Task to carry out
Repeat only the lines below that run from the line with "Платья для выпускного" to the line with "壮锦是中国四大名锦之一,壮族", ends included; skip every picture.
---------- Source data ----------
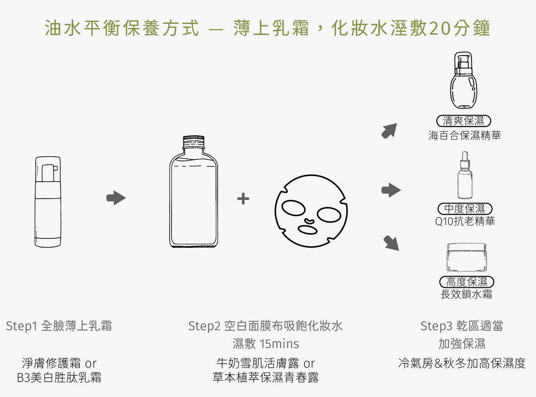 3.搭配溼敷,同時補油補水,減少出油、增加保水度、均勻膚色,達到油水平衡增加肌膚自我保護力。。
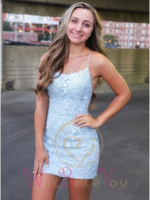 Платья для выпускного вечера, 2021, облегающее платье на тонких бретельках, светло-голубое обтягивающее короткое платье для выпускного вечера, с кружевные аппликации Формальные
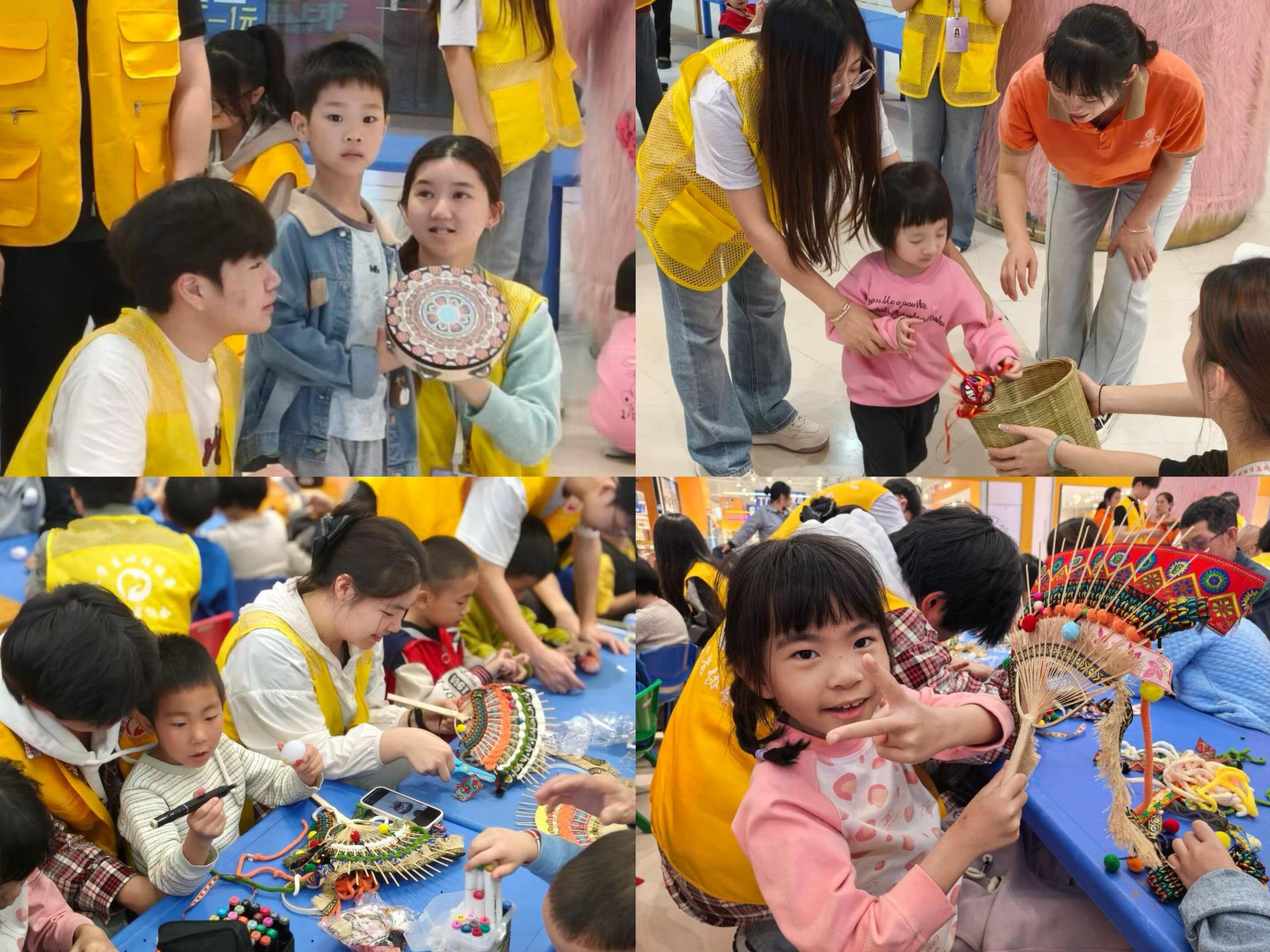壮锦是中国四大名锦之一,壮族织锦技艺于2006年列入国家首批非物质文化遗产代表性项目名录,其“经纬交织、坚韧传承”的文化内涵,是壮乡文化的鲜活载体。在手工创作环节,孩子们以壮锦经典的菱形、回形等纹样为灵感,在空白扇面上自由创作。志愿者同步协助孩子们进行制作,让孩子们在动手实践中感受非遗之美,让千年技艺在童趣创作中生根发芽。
----------
---------- Source data ----------
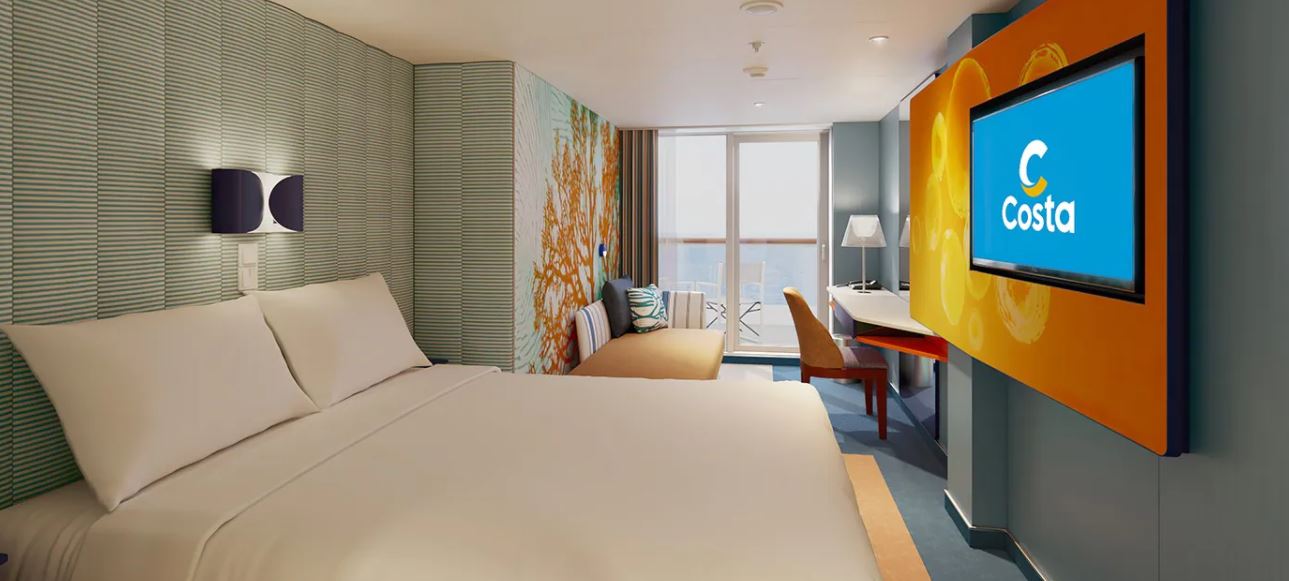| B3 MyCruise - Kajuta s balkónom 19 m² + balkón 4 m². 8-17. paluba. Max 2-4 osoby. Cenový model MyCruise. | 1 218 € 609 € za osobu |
----------
---------- Source data ----------
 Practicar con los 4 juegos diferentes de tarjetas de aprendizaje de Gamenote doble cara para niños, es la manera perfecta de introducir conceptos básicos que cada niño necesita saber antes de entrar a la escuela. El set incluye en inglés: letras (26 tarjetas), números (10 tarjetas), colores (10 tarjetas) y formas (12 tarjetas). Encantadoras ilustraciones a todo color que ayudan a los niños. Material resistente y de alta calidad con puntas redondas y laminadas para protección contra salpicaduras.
----------
Response to the exercise
 Платья для выпускного вечера, 2021, облегающее платье на тонких бретельках, светло-голубое обтягивающее короткое платье для выпускного вечера, с кружевные аппликации Формальные
壮锦是中国四大名锦之一,壮族织锦技艺于2006年列入国家首批非物质文化遗产代表性项目名录,其“经纬交织、坚韧传承”的文化内涵,是壮乡文化的鲜活载体。在手工创作环节,孩子们以壮锦经典的菱形、回形等纹样为灵感,在空白扇面上自由创作。志愿者同步协助孩子们进行制作,让孩子们在动手实践中感受非遗之美,让千年技艺在童趣创作中生根发芽。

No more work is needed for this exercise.